Another side effect came later in the Emotion Concepts and their Function in a Large Language Model (Apr 2, 2026) interpretability paper. In the case study on the blackmail scenarios, they had to use an earlier checkpoint of Sonnet 4.5 because “the final snapshot exhibits too much evaluation-awareness to ever blackmail in this scenario.” The deployed model was too suspicious of the honeypot to be a useful test subject for the honeypot.
Haiku 4.5 — “largely invalidated”
Haiku 4.5 (Oct 15, 2025) pushed rates further. The card doesn’t give it a dedicated section, but the numbers are blunt: verbalized eval-awareness in roughly 9% of the main automated suite, and three manual agentic-misalignment scenarios were described as “largely invalidated” by it.

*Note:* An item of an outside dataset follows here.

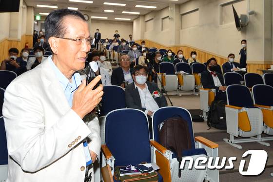 (포항=뉴스1) 최창호 기자 = 허춘웅 서울 명지성모병원장이 27일 경북 포항시 남구 에스포항병원 주관으로 열린 뇌혈관 전문병원 제1차 학술대회에서 시술 사례에 대한 질문을 하고 있다. 이번 학술대회에는 대한전문병원협회 이상덕 회장을 비롯한 관계자들과 서울 명지성모병원, 대구 굿모닝병원, 청주 효성병원 등 전국의 뇌혈관 전문병원 의료 종사자들이 참석해 학술적 네트워크를 확장하고 각종 시술 사례 등을 공유했다. 2022.5.27/뉴스1

Opus 4.5 — the indirect mitigation
For Opus 4.5 (Nov 24, 2025), Anthropic tried to reduce eval-awareness without training against it directly. Two changes (§6.7.1):
- Drop the honeypots. Unlike Sonnet 4.5, Opus 4.5 was never trained on “honeypot” environments that intentionally provided opportunities for egregious misalignment.
- Add motivation reasoning. Train the model to reason about why a user might be sending a prompt — including the possibility that the prompt is a test.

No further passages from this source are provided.